# Natural gas canisters



## NateBecky (Aug 11, 2017)

Does anyone have experience with using natural gas canisters to fuel their roaster? I understand that there are businesses that will remove and replace these as needed.


----------



## El carajillo (Mar 16, 2013)

Do you mean propane and butane cylinders ?


----------



## NateBecky (Aug 11, 2017)

Yes


----------



## El carajillo (Mar 16, 2013)

I have not used it for roasting but I have for several other uses. You will need Propane (red cylinder) as butane will not gas off in cold weather.=no winter roasting.

Check yellow pages for local bottled gas .suppliers or contact CALOR for their local depot's.
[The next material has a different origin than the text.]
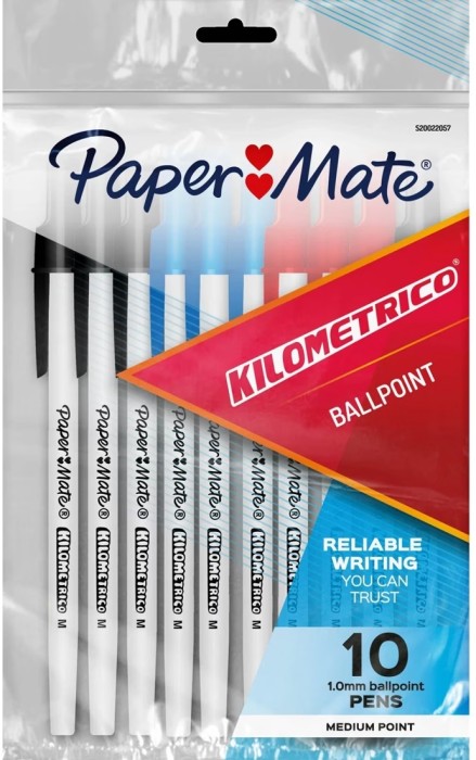 10 Pack Paper Mate Kilometrico Ballpoint Pens - Multi Colour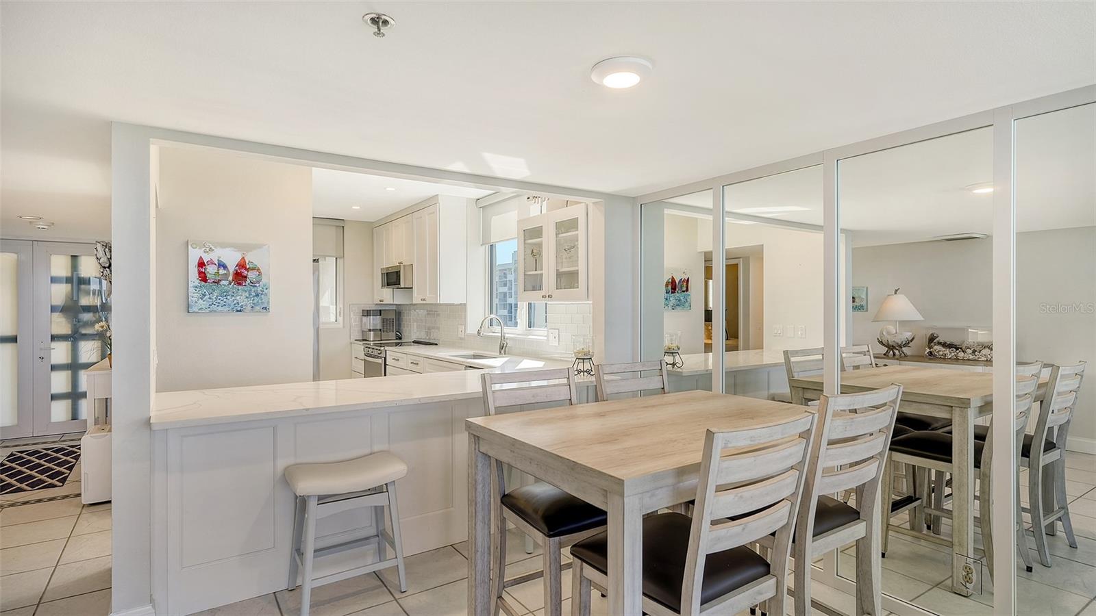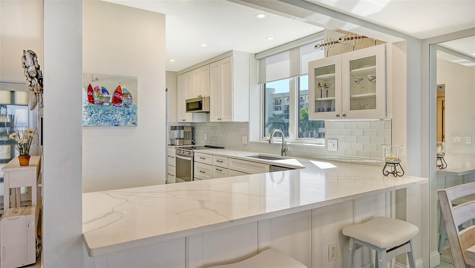A elegância encontra conforto nesta unidade de canto raramente disponível, na frente do Golfo, no extremo sul de Longboat Key. Desde o momento em que você passa pela porta da frente, você será cativado por vistas direta e direta do Golfo, através de janelas do chão ao teto, fornecendo um estilo de vida inútil e idílico sem paralelo. Esta unidade de canto lindamente renovada é cuidadosamente projetada para conforto e estilo e possui uma varanda envolvente perfeita para entretenimento e imersão em vistas deslumbrantes do Golfo do México com a família e os amigos. No interior, todos os detalhes desta unidade recentemente renovada foram cuidadosamente considerados, incluindo uma cozinha que foi completamente atualizada com novos armários brancos, bancadas de quartzo e backsplash de ladrilhos de vidro com todos os novos aparelhos e lavadora e secadora. O quarto principal possui janelas do chão ao teto que oferecem uma vista à beira-mar, uma porta que leva à varanda e um luxuoso banho primário que apresenta pias duplas e novos armários e iluminação. Recursos adicionais incluem janelas, controles deslizantes e portas resistentes ao impacto do furacão, iluminação embutida na sala de estar e na área de jantar e persianas de janelas de Hunter Douglas com controle remoto que adicionam um toque de elegância. A unidade é fornecida em torneira. Esta unidade possui um principal espaço de estacionamento convenientemente perto da porta do saguão. Beachplace’s, well-maintained gorgeous grounds with resort-style amenities include 24-hour manned security gate, private beach access with chairs and umbrellas, Wi-Fi, a heated Junior Olympic pool and spa, covered infant wading pool, multiple grilling areas by pool and large covered outdoor spaces, two lighted Har-Tru tennis courts with two pickleball courts, an EV charging location, multiple car wash stations, and a clubhouse with social Salas, atividades sociais organizadas, dois centros de fitness de última geração, saunas e uma biblioteca.

Check on the power of the burner as this could determine the size of cylinder you require. You will also need to check the burner jets to ensure it is correct for type of gas used.


----------



## NateBecky (Aug 11, 2017)

Great advice, thanks. I've seen it done once but didn't investigate well enough to remember.


----------



## espressotechno (Apr 11, 2011)

Caravan supply shops are a good place for bottled gas.

They may also have gas engineer' contacts.


----------



## Alan (Mar 3, 2014)

One of the things to be aware of is your insurance. If you plan to roast at home your insurance might be void if you use gas cylinders. Also if you are in a commercial premises make sure you notify your insurer.

In addition be aware that if your kit is mobile it will need to be installed by a gas safe trailer engineer not a normal gas safe engineer.


----------